Private equity players, which were otherwise sleeping, are now back in the M&A game. Sycamore Partners’ $10 billion offer for Walgreens Boots Alliance and rival bids by KKR and Advent for the UK’s Spectris illustrate increased private investor interest. This return introduces more liquidity and a boost to the market.

Sectoral Shift: From Health to Tech
Post-pandemic, healthcare was the leading M&A driver. Today, the tech space has taken the lead, particularly in the UK and the US. Samsung’s $1.7 billion buyout of FlaktGroup, a German data centre cooling company, is a classic example of the trend as AI-related infrastructure becomes the need of the hour. Similarly, Palo Alto Networks’ $25 billion purchase of CyberArk is the biggest EMEA deal so far this year, highlighting the need for cybersecurity in an AI era.

Global Hotspots
The United States is still the M&A hub, with more than half of global deal value. Asia Pacific M&A volume has doubled compared to last year, ahead of Europe, the Middle East, and Africa (EMEA), and it appears that global diversity in the origination of deals is on the rise.

Top 5 FAQs Regarding the Global M&A Boom

Why did global M&A value go up in 2025 even with fewer deals?
The rise in total value is driven by large-scale megadeals, especially in the U.S., where companies are making strategic bets on transformative technologies like AI. Fewer, but higher-value, deals have skewed the overall numbers upward.

What role is AI playing in this M&A surge?
AI is a significant driver, leading to acquisitions across data infrastructure, cybersecurity, and cloud computing. Businesses are competing to leverage AI in their businesses and are making acquisitions of talent, technology, and capacity to not fall behind.

How has private equity impacted the market this year?
Following a period of quiet, private equity players are back in action, committing capital to high-value, strategic deals. Their return has injected competition and vigour into the M&A market.

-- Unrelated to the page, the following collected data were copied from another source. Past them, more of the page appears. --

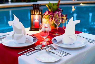 Candlelight, music, dinner and beverages ... a perfect date for couples to share a romantic evening by the pool. Whether you celebrate Cupid before or after February 14, create a heartfelt night for one couple or many … and don’t forget to enjoy the midnight swim – a perfect end to a perfect pool date!
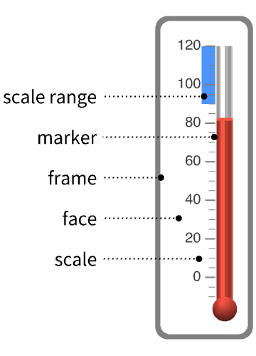 axis etc. - ThermometerGauge by default uses a filled liquid appearance for the marker.
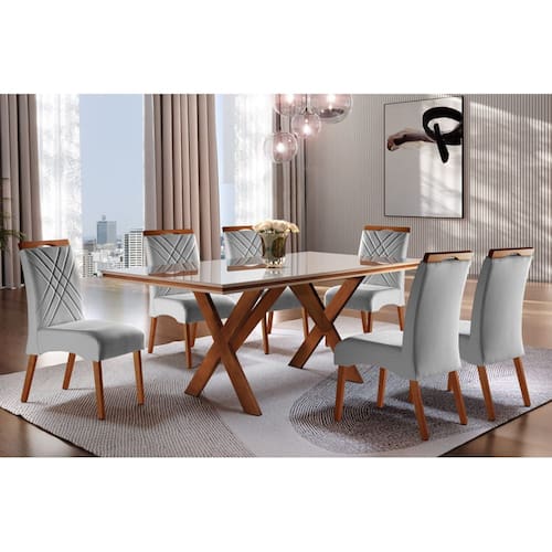 Sala de Jantar Madeira Maciça com 6 cadeiras 1,80x1,0m - Jade - Requinte Salas   A mesa de jantar Nobre tem um design individualizado, que une modernidade, beleza e sofisticação, produzida com os materiais da mais alta qualidade para atender bem os seus usuários. Ela tem a estrutura da base em madeira maciça Tauari, ecologicamente correta, o tampo em MDF 45mm de espessura, vidro de 3mm sobreposto, e quinas canto tick que traz uma modernidade a mais. Um escândalo de elegância junto das cadeiras Alfa! As cadeiras Alfa esbanjam elegância e charme para deixar sua sala de jantar completa e moderna! Elas contam com um encosto todo estofado com detalhes em costura, e um pegador em madeira maciça, que proporcionam um charme a mais a esse modelo. O assento é fabricado com espuma de densidade D-23 e D-20 no encosto, reforçando o conforto do produto. Sua estrutura é toda em madeira maciça tauari, ecologicamente correta. Perfeitas, não é mesmo? Aproveite!   Fazem parte do anúncio 1 Mesa de Jantar Nobre 6 Cadeiras Alfa Obs. Objetos de decoração não inclusos.   Particularidades da Sala de Jantar  Características da Mesa: - Base em madeira maciça Tauari seca em estufa e imunizada - Madeira ecologicamente correta - Tampo em MDF com 45mm de espessura - Vidro 3mm - Tampo retangular com quinas retas   Características da Cadeira: - Madeira Tauari seca em estufa - Madeira imunizada - Espuma D-23 no assento - Espuma D-20 no encosto - Estrutura reforçada - Ecologicamente correta - Peso suportado 150kg   Dimensões da Mesa: Altura: 76 centímetros Largura: 1,80 metros Profundidade:1 metro   Dimensões da Cadeira: Altura: 1 metro Largura: 47 centímetros Profundidade: 54 centímetros   Informações Importantes: - Produtos podem apresentar diferenças de tonalidades entre a foto na tela e o produto real, devido a calibração de cor de tela.   - Limpar com flanela ou pano macio. Não utilizar álcool. Não utilizar produtos abrasivos ou corrosivos - Nós prezamos pela qualidade da entrega em primeiro lugar, trabalhamos com transportadoras altamente selecionadas e os melhores materiais de embalagem. - Todos os itens já vão embalados, a mesa vai semi montada e as cadeiras 100% montadas. Não necessita da montagem de um profissional, ficando ao critério do cliente. Não nos responsabilizamos pela montagem. - Objetos de decoração não incluso. - Certifique-se de que o produto caiba em elevadores e vãos de escadas, não fazemos içamentos ou desmontagens de produtos. Quaisquer despesas deste tipo ficam a cargo do cliente - Garantia de 3 meses contra defeitos de fabricação.
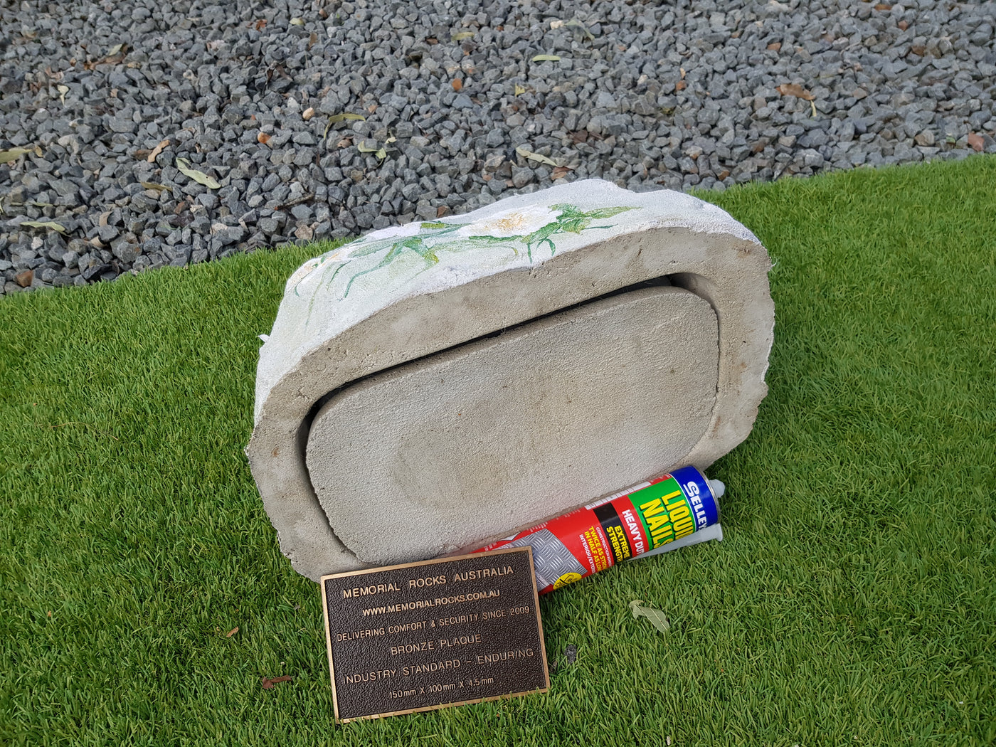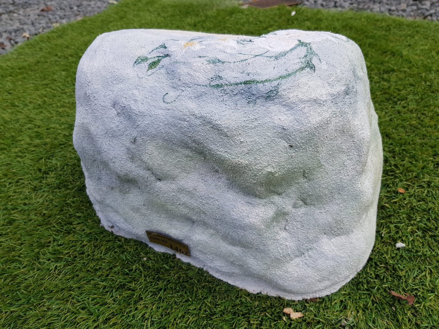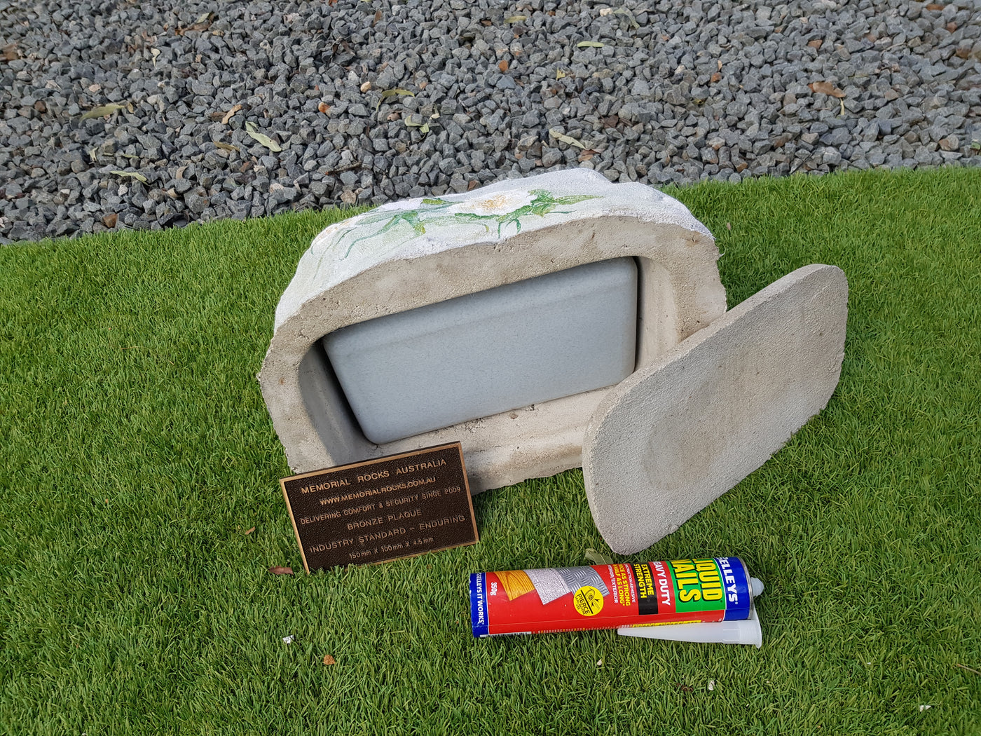 Memorial Rock Urns are a loving practical alternative for the safe keeping of a loved one's ashes. This Memorial Rock Urn has a small internal sealed container for partial ash interment. This Partial Ash Urn Memorial rock has an incorporated flat space for a 100 mm x 75mm x4.5mm industry standard bronze plaque. PLAQUE SOLD SEPARATELY Proudly...
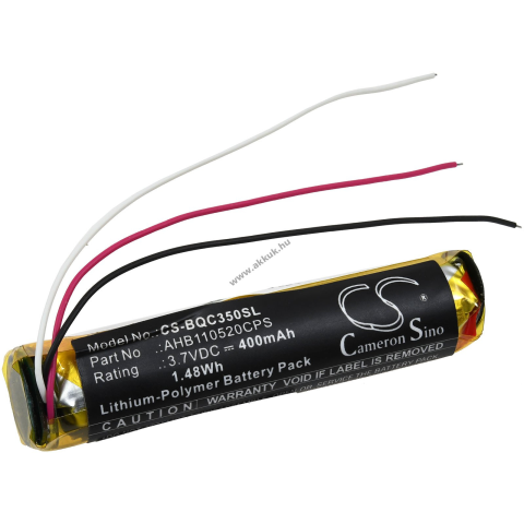Feszültség: 3,7V - Teljesítmény: 400mAh/1,5Wh - Típus: Li-Polymer - Méret: 47mm x 10mm x 10mm
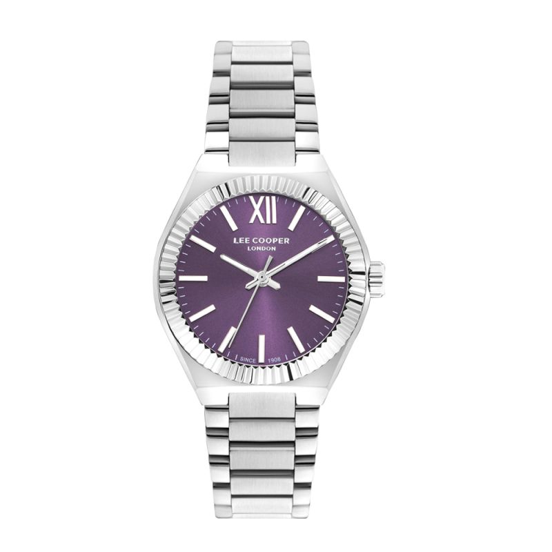 Дамски часовник Lee Cooper с класически дизайн. Лилав аналогов дисплей. Луминисцентно покритие на стрелките и индексите. Стъкло минерал-кристал. Корпус от супер метал в комбинация с метална верижка. Задвижва се от кварцов механизъм. Водоустойчивост 3 ATM - допускат се леки пръски, не се препоръчва обилно мокрене.
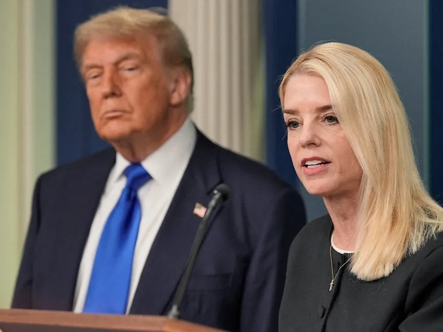 وزيرة العدل الأميركية بام بوندي تتحدث بجانب الرئيس دونالد ترمب إلى وسائل الإعلام في غرفة المؤتمرات الصحفية بالبيت الأبيض. 27 يونيو 2025 - REUTERS
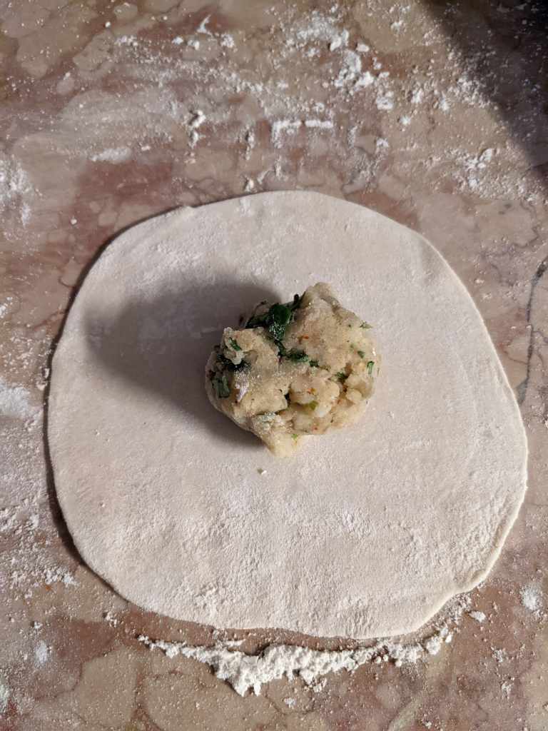 Grab one of your eight dough balls and roll it between your hands so it is a perfect sphere. Dip the circle in flour, and sprinkle flour on your work surface as well. Then, roll the dough out to a 4 inch disc. Pop a ball of potato filling in the centre.
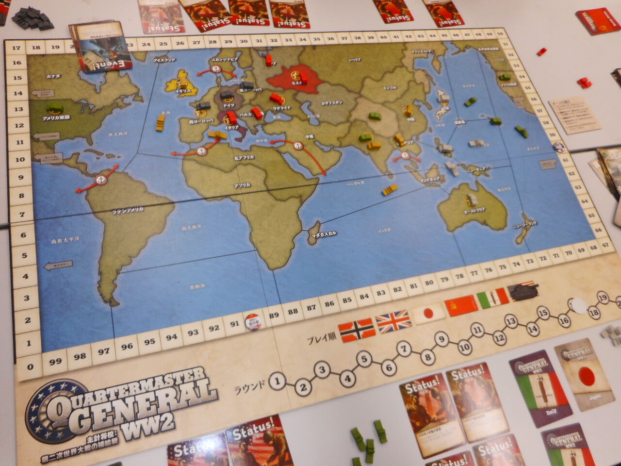 GUNDAMでこだわりを見せた後、同じ4名で「Quarter Master General」(HJ)を対戦しました。最大6名までプレイできるアイテムで、以前、オフ会で2人でプレイしたのですが、さすがにきつかった思い出が。とはいえ、人数がいれば、思考負担が少なく、やりやすいゲームかと。

Where is most M&A activity taking place?
The United States dominates, accounting for more than 50% of global deal volume. But Asia Pacific is rapidly expanding, with deal-making there doubling year on year, surpassing activity in EMEA.

Is the M&A market now sustainable for the remainder of 2025?
We think the momentum will carry through. As businesses get accustomed to the new economic and regulatory landscape, second-half deal volumes should accelerate, particularly with the outlook for boardroom stability improving.